### WORK REQUIRED:
Leaving out pictures, output exactly the lines below from the one that has "допомогло покращити виробничі" through the one that has "Tavolo rotondo da", and nothing else.

━━━━━ AVAILABLE RECORDS

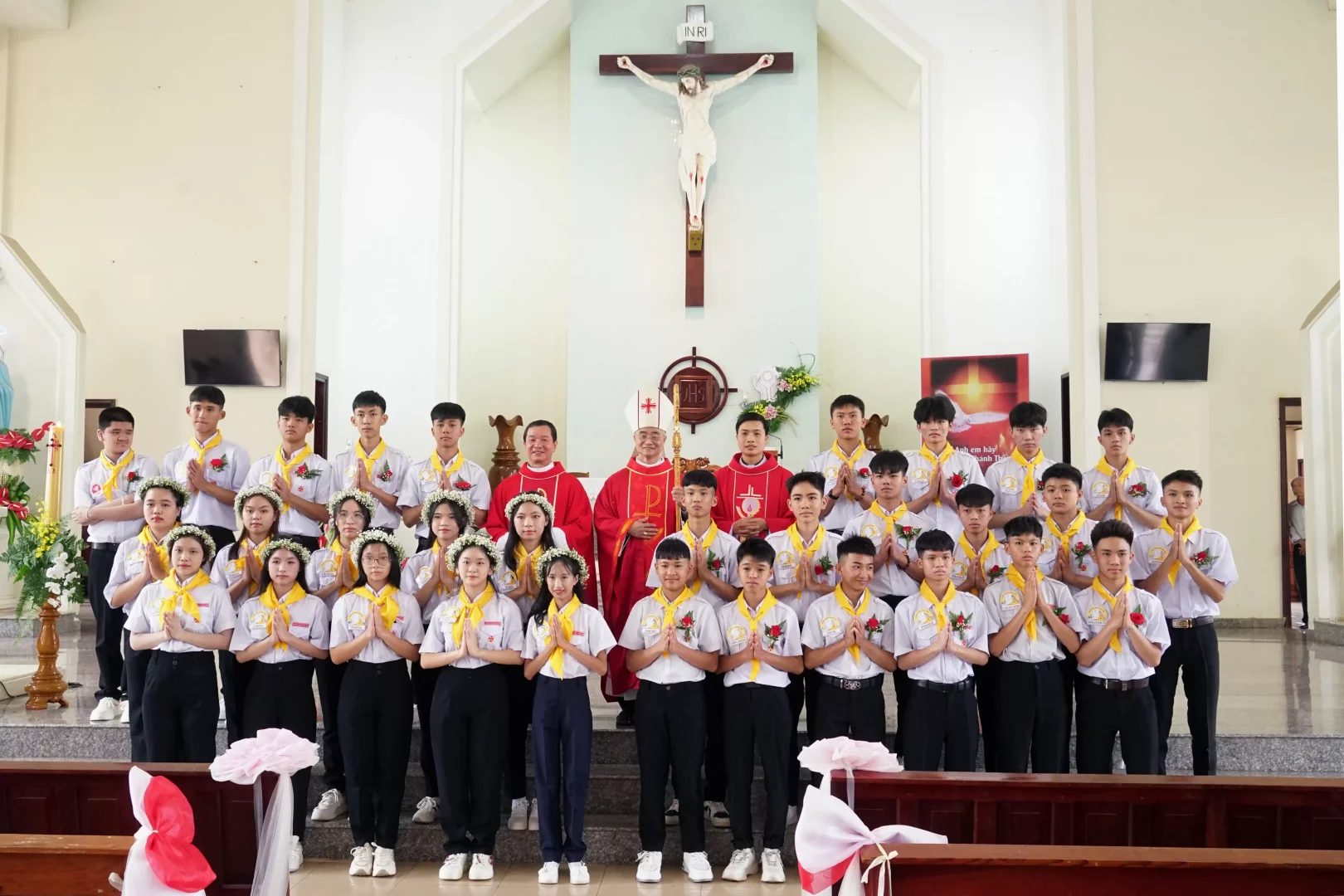 Sáng Chúa nhật ngày 27/07/2025, Giáo xứ Kim Phát (Đức Trọng) hân hoan chào đón Đức cha Đaminh Nguyễn Văn Mạnh – Giám mục Giáo phận Đà Lạt – về thăm mục vụ và chủ sự Thánh lễ ban Bí tích Thêm sức cho 31 em thiếu nhi của giáo xứ. Đồng tế với Đức cha có Cha Quản xứ Phêrô Nguyễn Thăng Long và Cha Giuse Nguyễn Kim Công. Tham dự thánh lễ có quý Dì, quý phụ huynh và đông đảo cộng đoàn Dân Chúa để hiệp ý cầu nguyện cho các em.
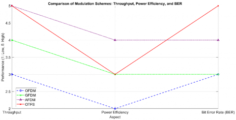 Table 2. Summary for throughput, power efficiency, and bit error rate for OFDM, GFDM, AFDM, and OTFS aspect
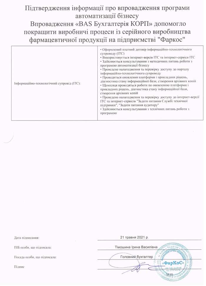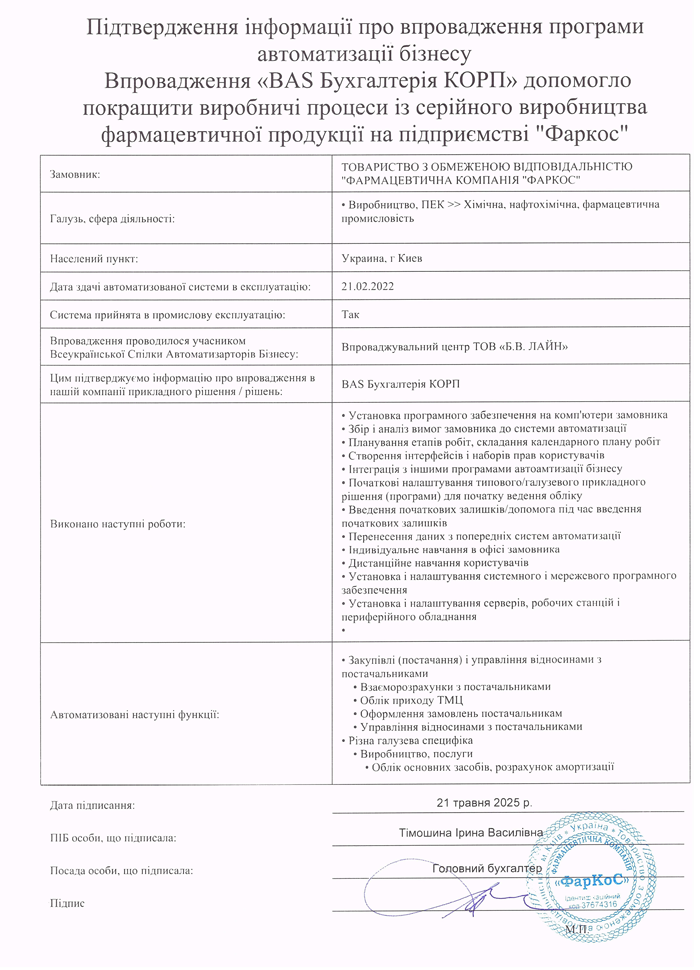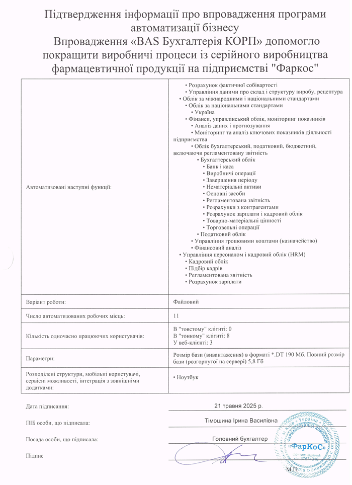 Впровадження «BAS Бухгалтерія КОРП» допомогло покращити виробничі процеси із серійного виробництва фармацевтичної продукції на підприємстві "Фаркос"
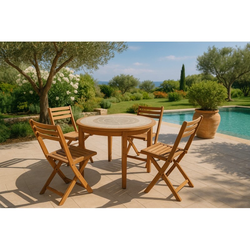 Tavolo rotondo da esterno in legno di tek modello Sidney
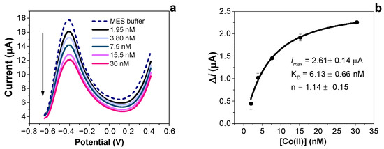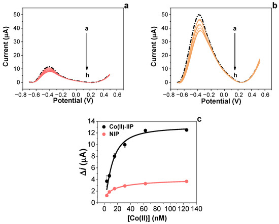 As seen from Figure 1a, in the selected buffer of MES at pH 5, a reduction peak potential is visible at −0.4 V vs. Ag. The observed potential peak can be attributed to the behaviour of the formed polymeric structure that can be modulated after the interaction with Co(II) ions. In fact, we observed a decrease in its current density with increased tested concentrations of Co(II) ions. This result agrees with that observed during the preparation of the sensors compared to the NIP films, which reported a modulated mechanism of polymer electroactivity upon the presence of Co(II) ions during polymer growing. The washing treatment in acidic conditions (0.3 M H2SO4) plays a role in the destruction of hydrogen bonds between the target and polymer based on o-AP [24,25].
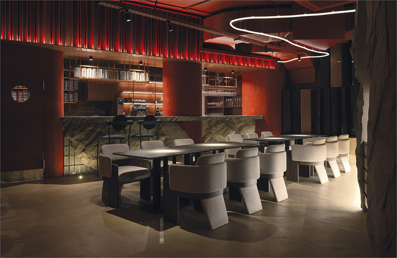 Доминантой общего зала служит барная зона, ее красный оттенок в сочетании с выразительными фактурами добавляет динамику плавным силуэтам. Большая часть мебели, наоборот, разработана в лаконичном стиле, что гармонично интегрирует ее в существующих контекст.
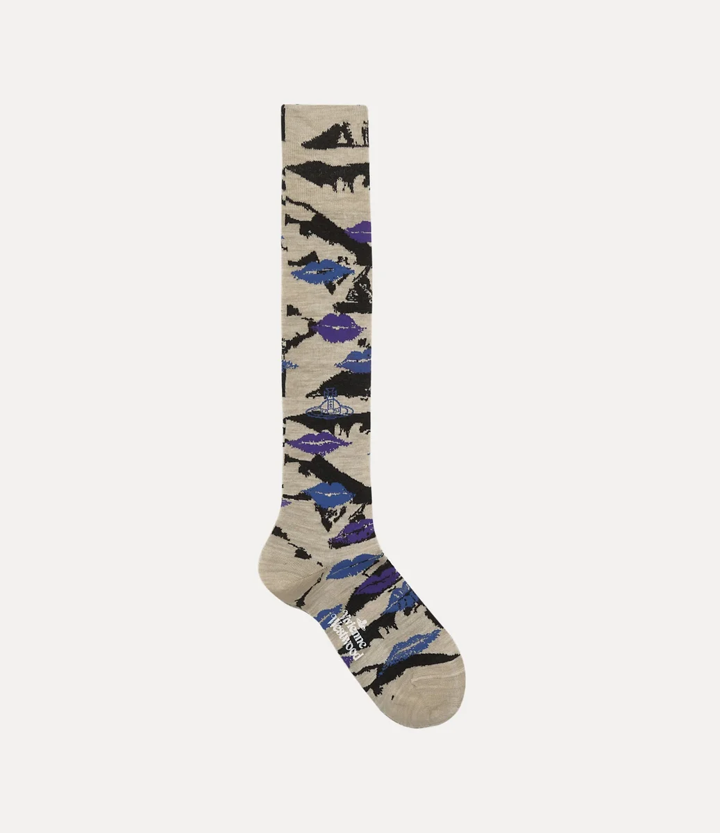 Den här säsongen har våra knälånga höga strumpor motivet ”Kisses”, inspirerat av förpackningen till husets parfym Boudoir. Strumporna är tillverkade av en mjuk bomullsblandning och har det karakteristiska Orb-motivet – som symboliserar varumärkets filosofi att föra det förflutna in i framtiden.
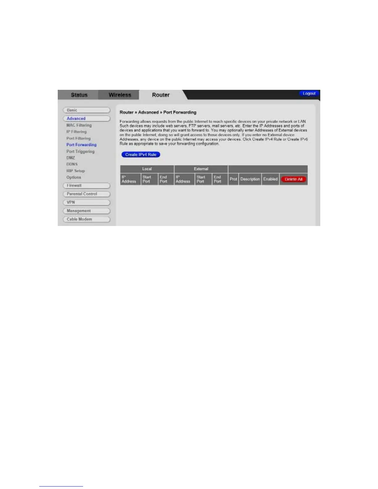 Figure 19. Example of the Port Forwarding Page

━━━━━━━━━━

### TASK OUTPUT:
 Впровадження «BAS Бухгалтерія КОРП» допомогло покращити виробничі процеси із серійного виробництва фармацевтичної продукції на підприємстві "Фаркос"
 Tavolo rotondo da esterno in legno di tek modello Sidney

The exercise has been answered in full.